Here's the problem with the book. Just because you have politicians who make accusations of a thing, is not evidence of a thing. Scientists who do not want to speak to you, are not evidence of a cover up, but more likely to be because you have a reputation as a bad journalist. Statements from governments which exist years before a thing, which are vaguely about the same subject as the thing, are not evidence that they were doing a thing. The book is utterly replete with this kind of nonsense.
Quite frankly this book is a far cry from the kind of journalism which won Ms Markson two Walkley Awards. In the olden days when The West Australian and Fairfax newspapers still bothered to do quality journalism and hired editors and sub-editors, this would not have been approved for publication. As a piece of long form journalism, it just doesn't stand up. As a thriller/fantasy/crime novel, it doesn't really make the proper connections in logic to prove that the villain did it. As a News Corp. publication, it's fine. This is in a very long tradition going back to when Sir Keith ran the Melbourne Herald, of making up the story and then hoping that nobody notices. This book is written for the kinds of audiences who probably though that Bat-Boy was real and/or who got their daily news from Mx when that was still in print.

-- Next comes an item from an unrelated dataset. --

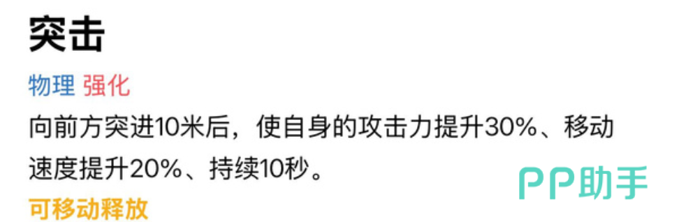 这是一个可在移动中使用的突进类技能,向前冲刺10米,期间攻击力提升30%,移动速度提高20%。技能强化后,突进距离保持不变,但攻击速度额外提升20%,进一步增强近身后的输出节奏。

The front cover of the book should really have a question mark on it. "What Really Happened In Wuhan: et cetera" should read "What Really Happened In Wuhan?" and the answer, even after reading this book is "we just don't know". Certainly this book tries to preach to you what it thinks that the answer is, but it should be treated as the actual artifact that it is; which is the inane and insane ramblings of someone who was stuck in their house during lockdown and had hours and hours of time to fill.
As for my rating of this book? I give it: *****
They are not stars. They are asterisks for everything wrong with this book and it's asterisks all the way down.